[Problem]:
Do not repeat pictures. Repeat exactly the lines of the listing below from its first line through the line with "(1)在排列三已开出的654".

:: Data segment

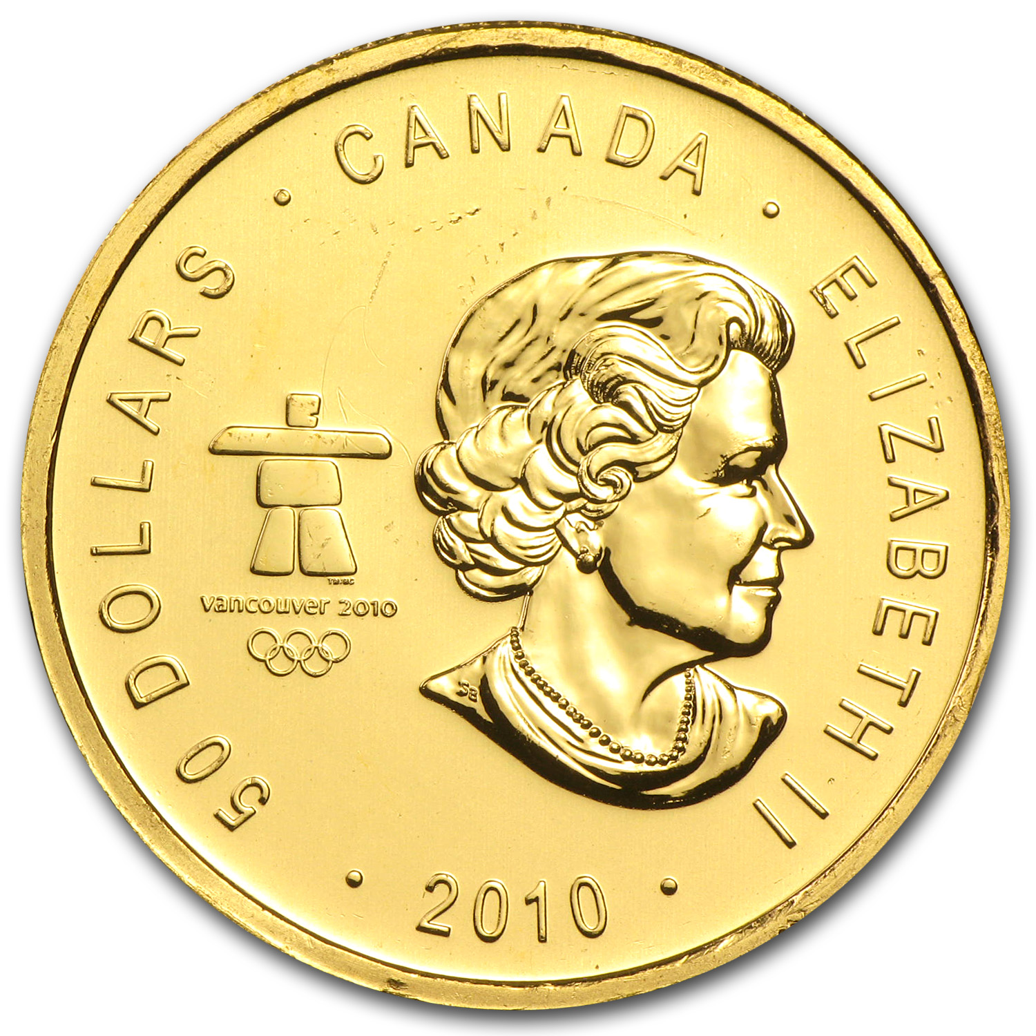 - Obverse: The Susanna Blunt designed likeness of Queen Elizabeth II alongside an image of the 2010 Olympic Winter Games logo. Also features the denomination and year of production.
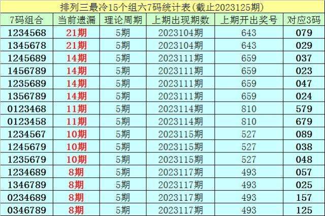 (1)在排列三已开出的6546期奖号中(统计截止第2023125期),目前7码组六遗漏值最大的组合为:1234568、1345678,本期遗漏21期;
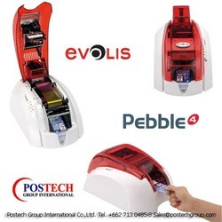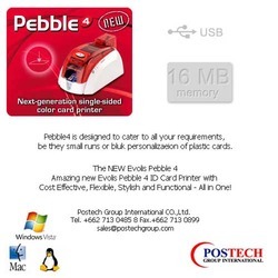 เครื่องพิมพ์บัตรพลาสติก Evolis Pebble 4 เครื่องพิมพ์บัตร Evolis Pebble 4 สามารถ พิมพ์รูปภาพและพิมพ์ บาร์โค๊ด Option Magnetic รองรับการพิมพ์รูปภาพ พิมพ์ บาร์โค๊ดและบันทึกแถบรหัสแม่เหล็กชนิด HICO/LOCO ตามมาตรฐาน ISO7811หรือ JIS2 ได้ Option Smart รองรับการพิมพ์รูป พิมพ์ บาร์โค๊ด และบันทึกข้อมูลลงในบัตรสมาร์การ์ด ตามมาตรฐาน ISO7816-2,PC/SC,EMV 2000-1 Option Contactless รองรับการพิมพ์รูปภาพ พิมพ์ Barcode และสามารถบันทึกข้อมูลลงใน Contactless Card ตามมาตรฐานISO14443A - ISO15693,Mifare,DesFire,HID iCLASS คุณสมบัติทั่วไป ชนิดเครื่องพิมพ์ เป็นเครื่องพิมพ์ ระบบ Dye Sublimaton และ Monochrome thermal transfer สามารถพิมพ์รูปภาพได้ทั้งสี และขาว-ดำ โดยมีความละเอียดของรูปภาพ 300 จุดต่อตารางนิ้ว สามารถต่อเชื่อมได้ Ports USB มาตรฐานและ Ethernet TCP-IP (Option) มีหน่วยความจำภายในตัวเครื่อง 16 MB RAM มีไฟกระพริบแจ้งสถานะ การทำงานของเครื่องพิมพ์และไฟสัญญาณเตือนให้ทำความสะอาดหัวพิมพ์และส่วนต่างๆของเครื่องพิมพ์ มีระบบปรับแต่งค่าสีก่อนพิมพ์ (Enhanced color management system) พิมพ์เต็มบัตรโดยไร้รอยขอบสีขาว (Edge-to-edge printing) มีระบบประหยัดผ้าหมึกพิมพ์ในกรณีทีพิมพ์สีเดียว (Integrated ribbon saver) โดยใช้ Foil ชนิด Monochrome ความเร็ว 150 บัตรต่อชั่วโมง พิมพ์งานเต็มบัตรสีหน้าเดียว (พิมพ์ 1 หน้าใช้ Foil ชนิด YMCKO) ความเร็ว 1000 บัตรต่อชั่วโมง พิมพ์งานข้อความสีเดียวด้านหน้า (พิมพ์ 1 หน้าใช้ Foil ชนิด Monochrome มี Drivers for Windows XP,2003 และ Vista, 32 & 64 bits, Mac OS X v10.2,10.3 และ10.4, Linux ฟรี "eMedia Lite" Software สำหรับออกแบบบัตร คีย์ข้อมูล พร้อมพิมพ์ Barcode และ Logo และสามารถเชื่อมฐานข้อมูลจาก Excel สามารถพิมพ์งานลงในบัตรพลาสติกชนิด All PVC,Composite PVC,PET,ABS and special varnished cardsได้ สามารถพิมพ์งานสีดำลงในบัตรที่เป็นกระดาษได้ โดยใช้ Foil ชนิด BlackWAX Monochrome ฝาครอบเครื่องเป็นรูปเปลือกหอย ทำให้ทำความสะอาดและบำรุงรักษาเครื่องได้ง่าย กล่องใส่บัตร เปลี่ยนง่าย เพียงกดปุ่มเพียง 2 ปุ่มเท่านั้น มีลูกกลิ้งทำความสะอาดบัตรก่อนส่งเข้าเครื่องพิมพ์ มีแหล่งจ่ายไฟอยู่ภายนอกเครื่อง และAdaptor จะต้องได้รับมาตรฐานไฟฟ้า 110 - 230 Volts CA, 50 - 60 Hertz น้ำหนักสุทธิ 5.9 กิโลกรัม (13 ปอนด์) กล่องใส่บัตร ความหนาของบัตรที่ใช้พิมพ์ กล่องบรรจุบัตรขาเข้า กล่องรับบัตรที่พิมพ์เสร็จ 0.25 mm. (10 mil) to 1 mm. (40 Mil)

::::

[Exercise response]:
 - Obverse: The Susanna Blunt designed likeness of Queen Elizabeth II alongside an image of the 2010 Olympic Winter Games logo. Also features the denomination and year of production.
 (1)在排列三已开出的6546期奖号中(统计截止第2023125期),目前7码组六遗漏值最大的组合为:1234568、1345678,本期遗漏21期;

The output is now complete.